In FIG. 10B, the first X, Z
根據本教示之氣體封裝系統之各種具體實例,純粹考慮到印刷頭器件及印刷頭的數目,第一印刷頭管理系統2701及第二印刷頭管理系統2702可收容於輔助封裝中,輔助封裝可在印刷製程期間與印刷系統封裝隔離,以用於執行各種量測及維護任務,而極少打斷或不打斷印刷製程。如可在圖10B中看出,可看出第一印刷頭組裝件2501相對於第一印刷頭管理系統2701定位,以易於執行可由第一印刷頭管理系統裝置2707、2709及2711執行之各種量測及維護程序。裝置2707、2709及2011可為用於執行各種印刷頭管理功能的多種子系統或模組中之任何者。舉例而言,裝置2707、2709及2011可為滴量測模組、印刷頭替換模組、清洗盆模組及吸墨器模組中之任何者。
According to various specific examples of the gas packaging system of this teaching, purely considering the number of print head devices and print heads, the first print
圖10C描繪根據本教示之氣體封裝組裝件及系統之各種具體實例的收容於第一印刷頭管理系統輔助面板組裝件1330'內的第一印刷頭管理系統2701之展開圖。如圖10C中所描繪,將輔助面板組裝件1330'展示為剖示圖以更清晰地看出第一印刷頭管理系統2701之細節。根據本教示之印刷頭管理系統(諸如,圖10C之第一印刷頭管理系統2701)之各種具體實例,裝置2707、2709及2011可為用於執行各種功能的多種子系統或模組。舉例而言,裝置2707、2709及2011可為滴量測模組、印刷頭清洗盆模組及吸墨器模組。如圖10C中所描繪,印刷頭替換模組2713可提供用於銜接至
少一印刷頭器件2505之位置。在第一印刷頭管理系統2701之各種具體實例中,可按維護氣體封裝組裝件1000(見圖19)之相同環境規範維護第一印刷頭管理系統輔助面板組裝件1330'。第一印刷頭管理系統輔助面板組裝件1330'可具有經定位用於進行與各種印刷頭管理程序相關聯之任務的把手2530。舉例而言,每一子系統可具有本來即可消耗且需要替換之各種零件,諸如,替換吸墨紙、墨水及廢料儲集器。各種可消耗零件可經包裝以便容易使用把手以完全自動化模式***。作為非限制性實例,可按可易於***以用於在吸乾模組內使用之濾筒格式包裝吸墨紙。藉由另一非限制性實例,可將墨水包裝於可替換儲集器中,以及按用於在印刷系統中使用之濾筒格式包裝。可按可易於***以用於在清洗盆模組內使用之濾筒格式包裝廢料儲集器之各種具體實例。另外,持續使用的印刷系統之各種組件之零件可需要週期性替換。在印刷製程期間,對印刷頭組裝件之便利管理(例如但不限於,印刷頭器件或印刷頭之交換)可為合乎需要的。印刷頭替換模組可具有諸如印刷頭器件或印刷頭之零件,其易於為了使用而***印刷頭組裝件內。用於檢查噴嘴發射之滴量測模組以及基於對來自每一噴嘴之滴容積、速度及軌跡之光學偵測的量測可具有一來源及一偵測器,其可需要在使用之後的週期性替換。各種可消耗及高利用率零件可經包裝以便容易使用把手以例如完全自動化模式***。把手2530可具有安裝至臂2534之末端執行器2536。可使用末端執行器組態之各種具體實例,例如,刀片型末端執行器、夾具型末端執行器及夾爪型末端執行器。末端執行器之各種具體實例可包括機械抓緊及夾緊以及氣動或真空輔助式組裝件以致動末端執行器之部分或以其他方式保持印刷頭器件或來自印刷頭器件之印刷頭。

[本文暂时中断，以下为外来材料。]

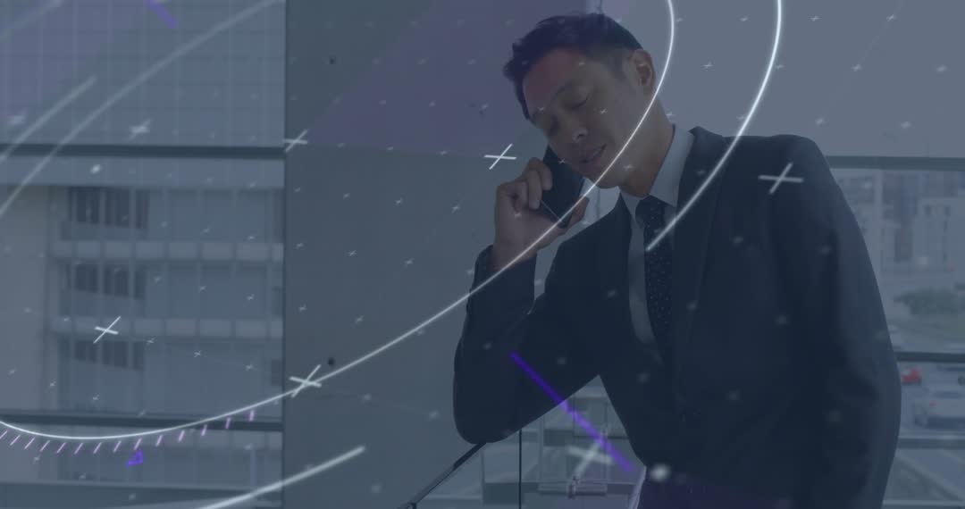 Young executive in a modern office engaging in a phone conversation with a digital data interface overlaid. Perfect for illustrating corporate communication, digital innovation in the workplace, or the integration of technology in business settings.

10C depicts an expanded view of a first
關於印刷頭器件或印刷頭之替換,圖10C之印刷頭管理系統2701之印刷頭替換模組2713可包括用於具有至少一印刷頭之印刷頭器件
的銜接台,以及用於印刷頭之儲存容器。因為每一印刷頭組裝件(見圖10B)可包括在約1個至約60個之間的印刷頭器件,且每一印刷頭器件可具有在約1個至約30個之間的印刷頭,於是本教示之印刷系統之各種具體實例可具有在約1個至約1800個之間的印刷頭。在印刷頭替換模組2713之各種具體實例中,當印刷頭器件經銜接時,可在不在印刷系統中使用時將安裝至印刷頭器件之每一印刷頭維持在可操作條件中。舉例而言,當置放於銜接台中時,每一印刷頭器件上之印刷頭可連接至墨水供應器及電連接。可將電力提供至每一印刷頭器件上之每一印刷頭,使得可在銜接時施加至每一印刷頭之每一噴嘴的週期性發射脈衝,以便確保噴嘴保持經灌注且不堵塞。圖10C之把手2530可定位成最接近印刷頭組裝件2500。印刷頭組裝件2500可銜接在第一印刷頭管理系統輔助面板組裝件1330'上,如在圖10C中所描繪。在用於交換印刷頭之程序期間,把手2530可自印刷頭組裝件2500移除一目標零件--印刷頭或具有至少一印刷頭之印刷頭器件。把手2530可自印刷頭替換模組2713擷取一替換零件(諸如,印刷頭器件或印刷頭),且完成替換過程。可將移除之零件置放於印刷頭替換模組2713中以供擷取。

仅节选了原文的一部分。